◆ SOURCE MATERIAL:
===============

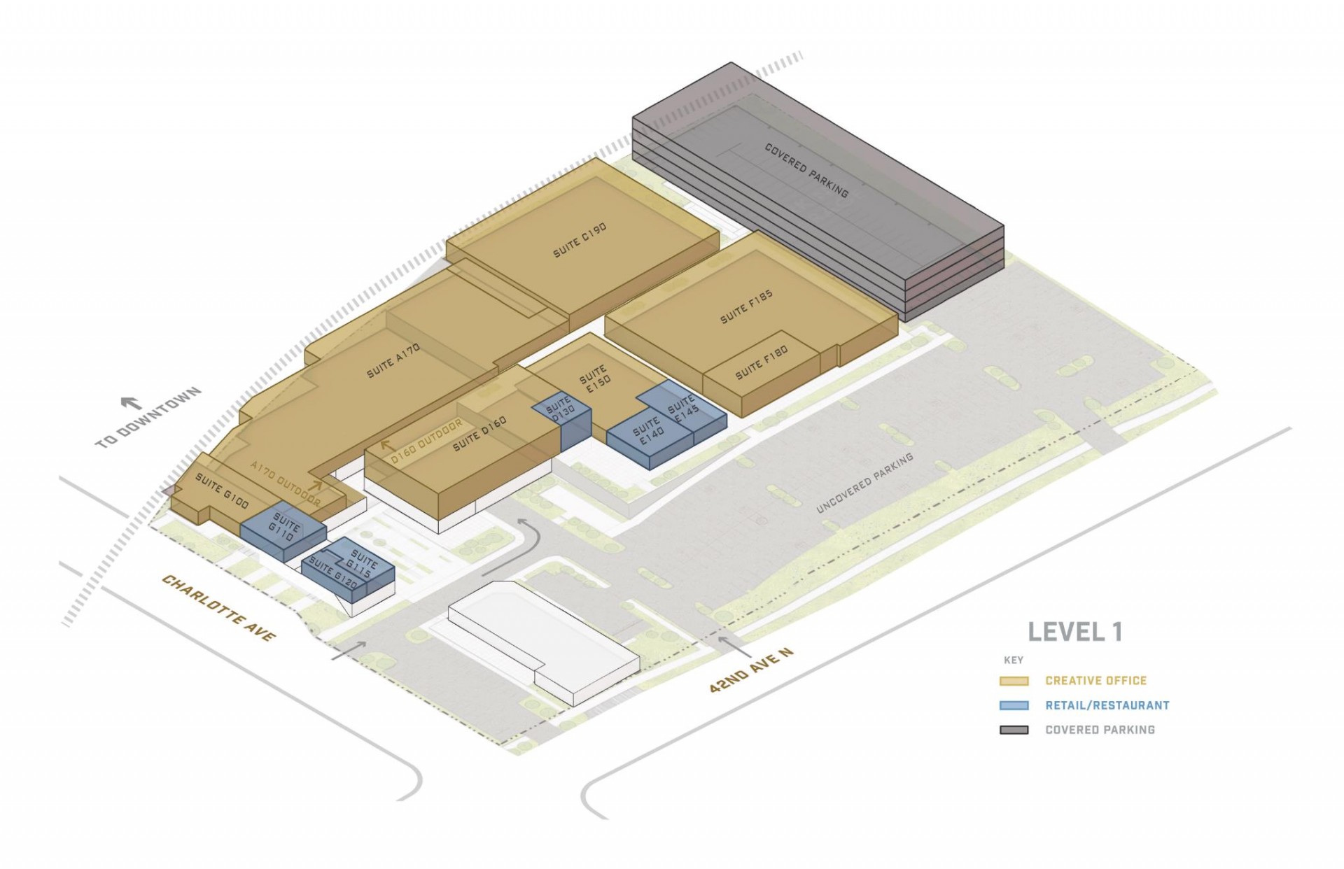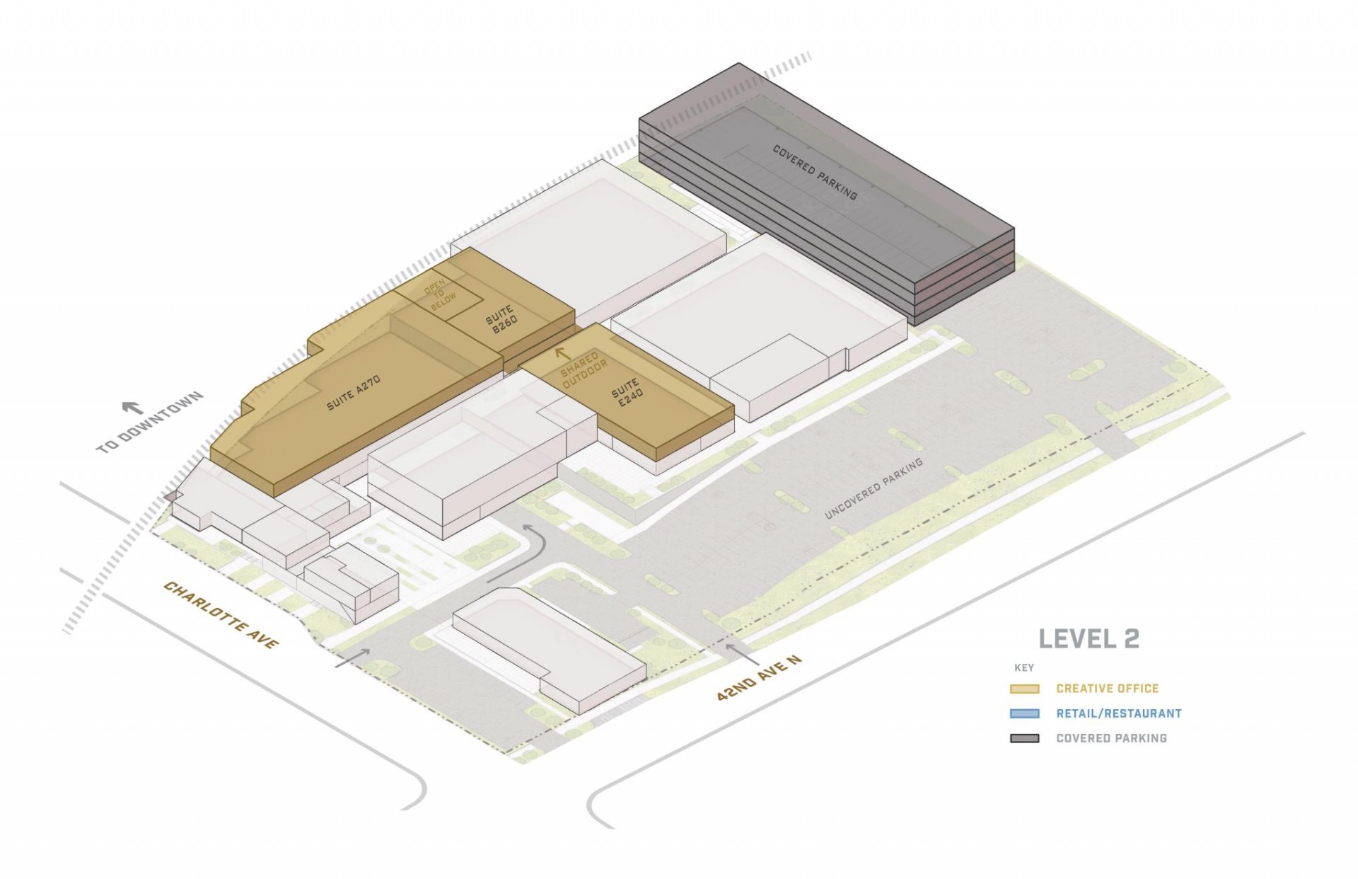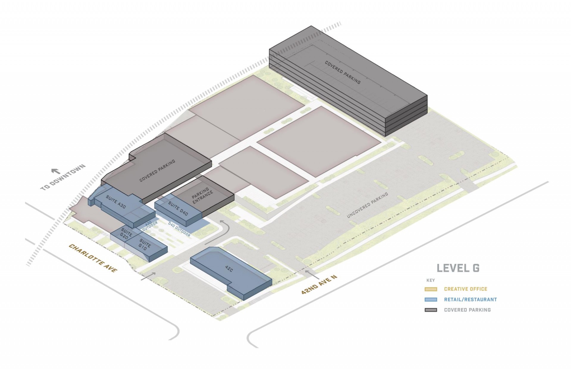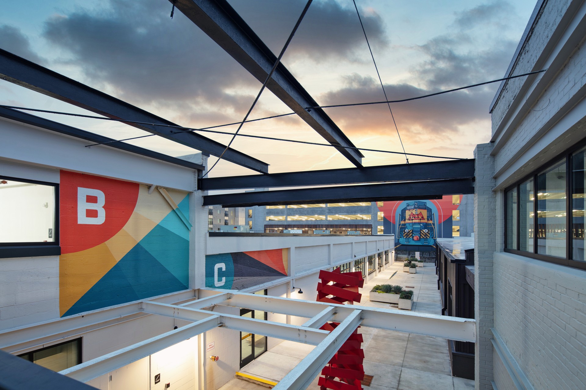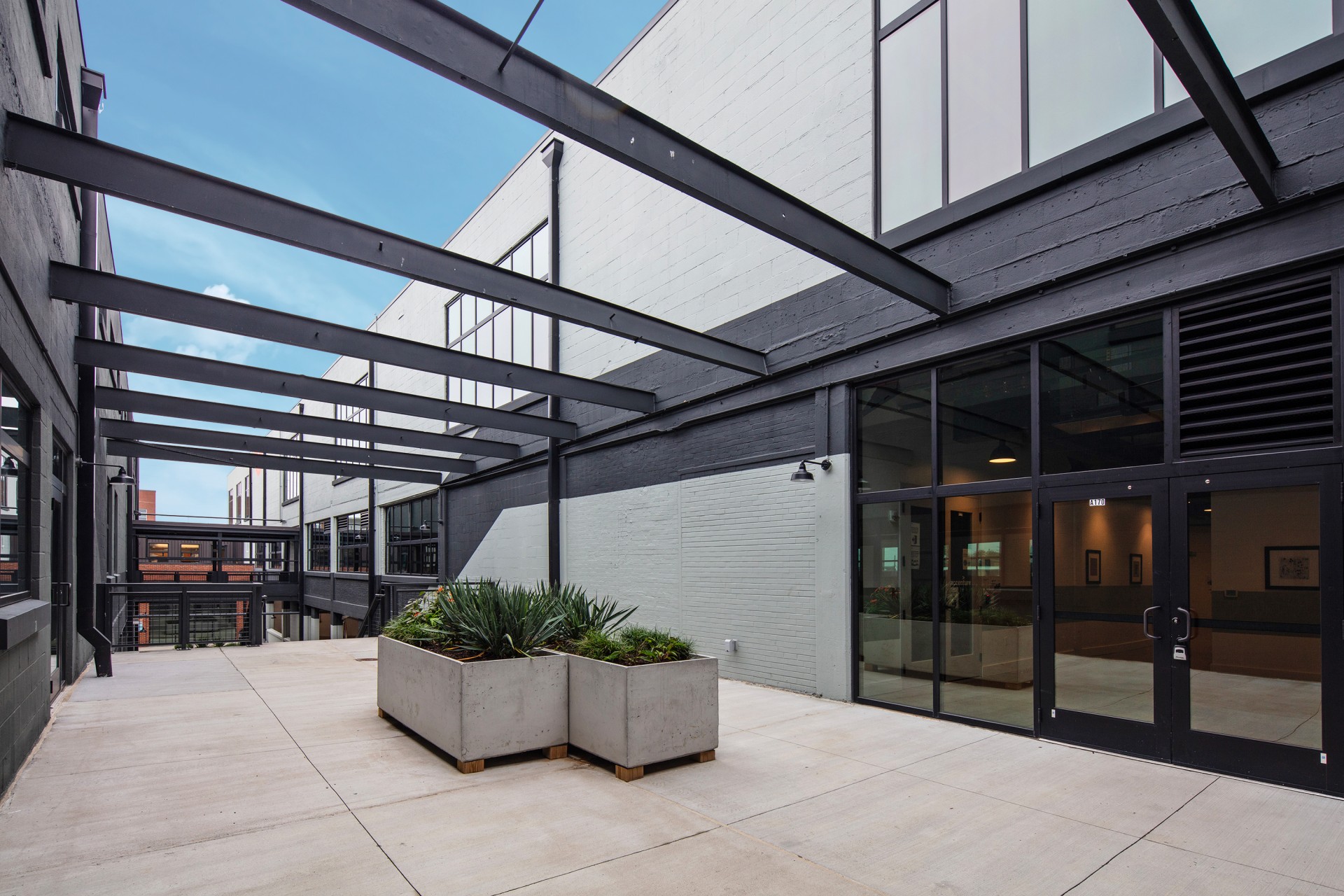 A new presence on Charlotte Ave will be created by a grand staircase leading to a commercial breezeway allowing views to the courtyard beyond. High ceilings, open steel and concrete structures, and masonry walls make for structures very difficult to replicate with new construction. They are wonderful assets to Nashville and will be celebrated throughout the design.
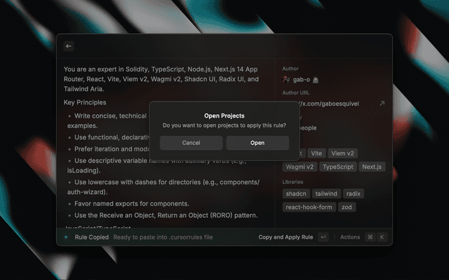 - One-Click Application: Easily copy and create cursor rules to your project's
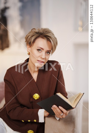 Woman sitting with a book in a cozy indoor setting in daylight
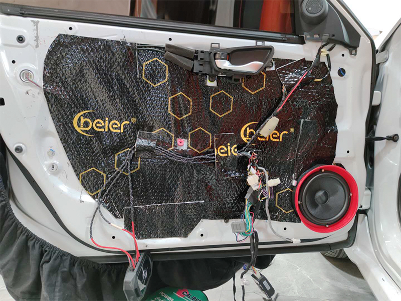 經(jīng)過改裝師傅專業(yè)的清理之后,對(duì)第一層鈑金進(jìn)行隔音處理,加厚鐵皮減少共振
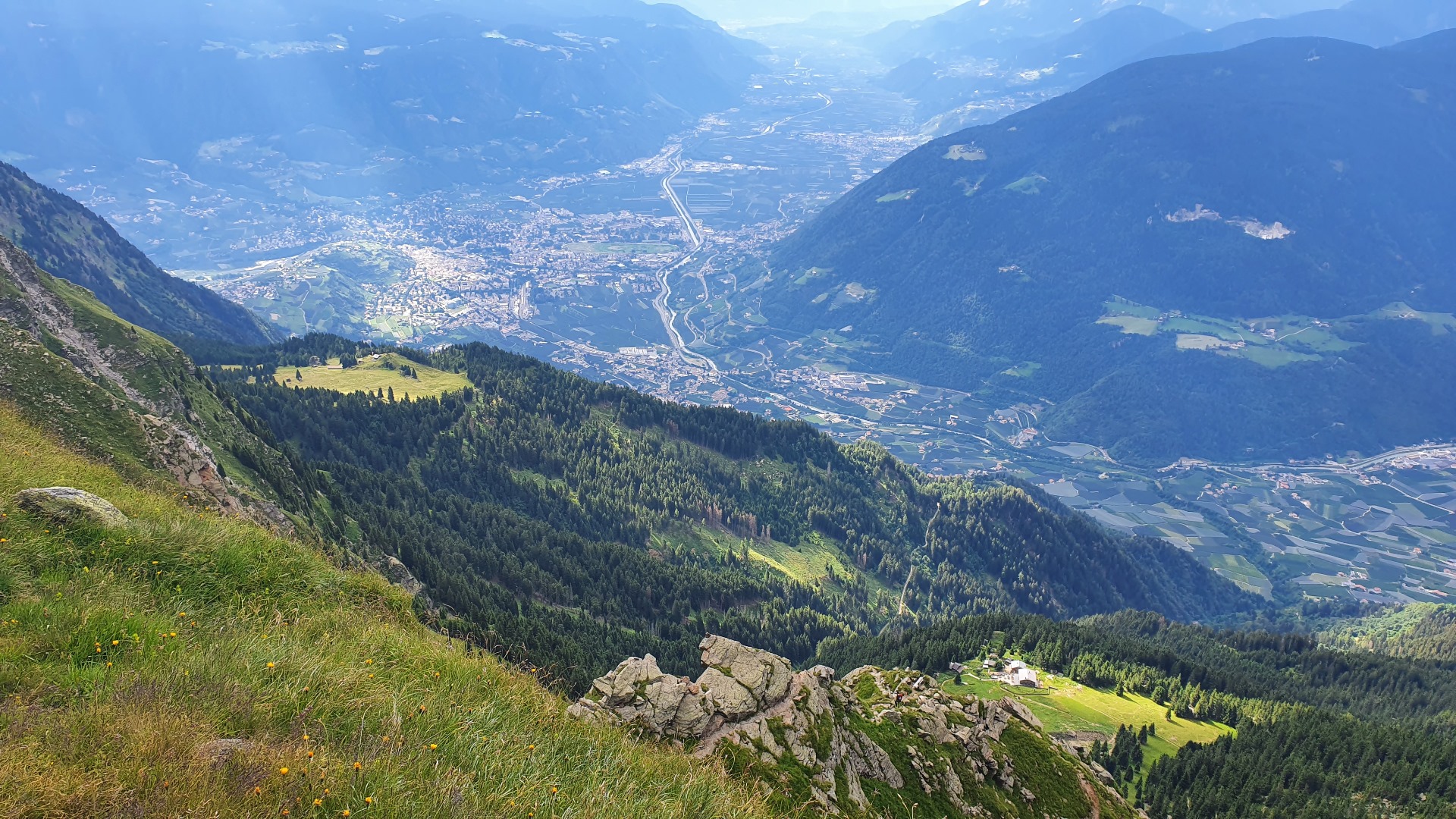 Von der Hochgangscharte ging es steil bergab. Der Steig war sehr ausgesetzt aber gut mit Drahtseilen gesichert. Weiter unten war der Weg, wie in der Mitte auf dem Foto erkennbar, leichter geworden. In der Verlängerung des Weges ist bereits das Ziel, das Hochganghaus, zu sehen. Ganz unten im Tal ist Meran zu erkennen.
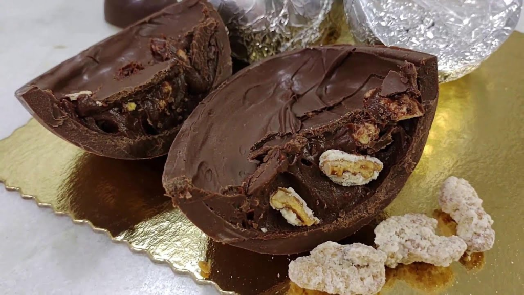 O pecan ainda não virou moda de massa no Brasil, e isso é exatamente o que coloca esse ovo nessa lista. Enquanto todo mundo está com o pistache na vitrine, o praliné de noz pecan tem sabor amanteigado e complexo que agrada quem já enjoou do pistache mas não quer voltar ao recheio de avelã de sempre. O formato praliné — castanha caramelizada triturada incorporada ao chocolate — dá textura sem precisar de crocante artificial. Confeitarias que trabalham com esse recheio estão conseguindo cobrar mais caro do que a média justamente porque a clientela percebe que aquilo não está em todo lugar.
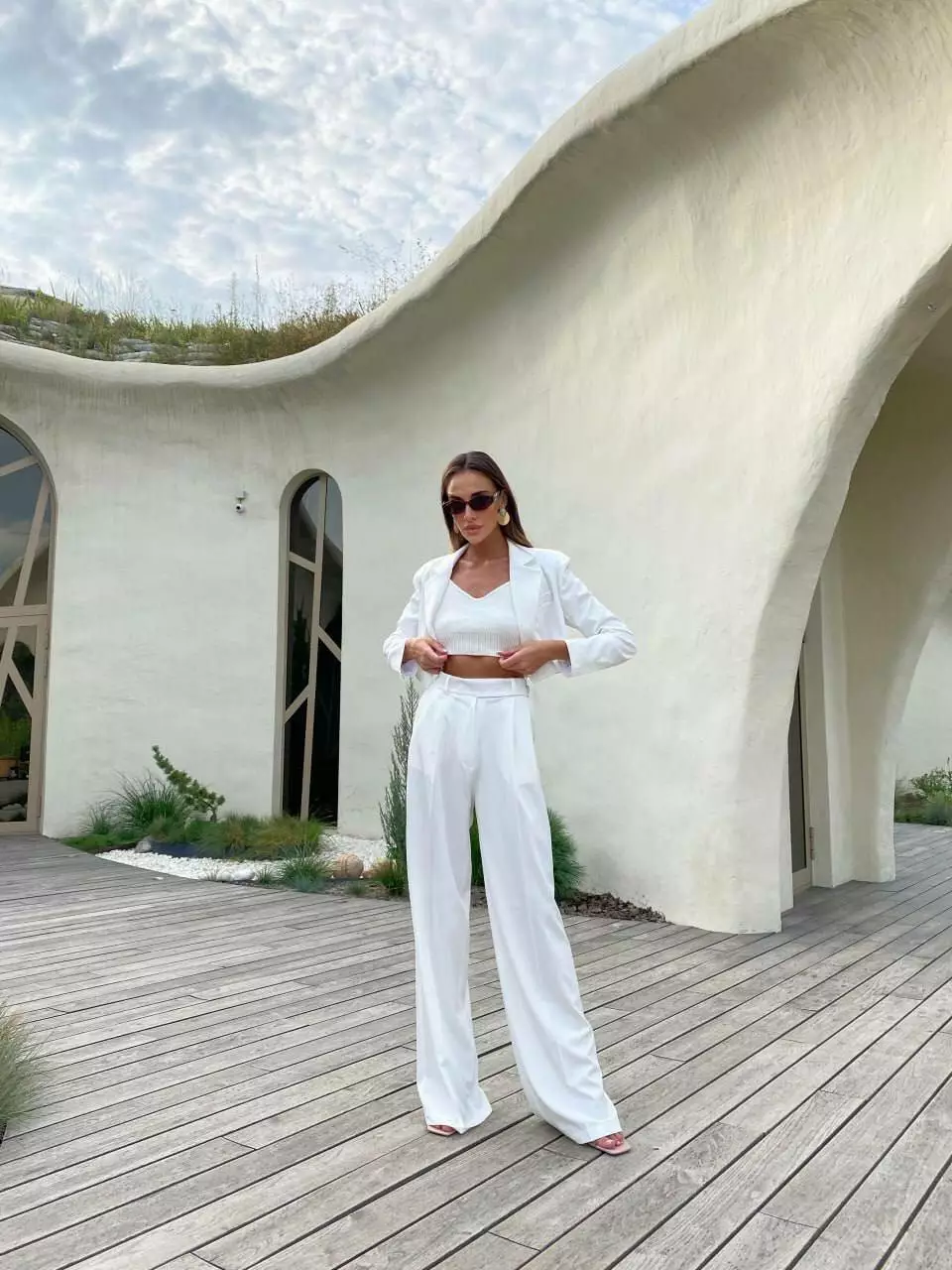 У люксовому виконанні Кроп-жакет двобортний та штани палаццо

===============

Your task is to retype exactly the lines that run from the line with "Von der Hochgangscharte" through the last line of the material, with the pictures left out.

 Von der Hochgangscharte ging es steil bergab. Der Steig war sehr ausgesetzt aber gut mit Drahtseilen gesichert. Weiter unten war der Weg, wie in der Mitte auf dem Foto erkennbar, leichter geworden. In der Verlängerung des Weges ist bereits das Ziel, das Hochganghaus, zu sehen. Ganz unten im Tal ist Meran zu erkennen.
 O pecan ainda não virou moda de massa no Brasil, e isso é exatamente o que coloca esse ovo nessa lista. Enquanto todo mundo está com o pistache na vitrine, o praliné de noz pecan tem sabor amanteigado e complexo que agrada quem já enjoou do pistache mas não quer voltar ao recheio de avelã de sempre. O formato praliné — castanha caramelizada triturada incorporada ao chocolate — dá textura sem precisar de crocante artificial. Confeitarias que trabalham com esse recheio estão conseguindo cobrar mais caro do que a média justamente porque a clientela percebe que aquilo não está em todo lugar.
 У люксовому виконанні Кроп-жакет двобортний та штани палаццо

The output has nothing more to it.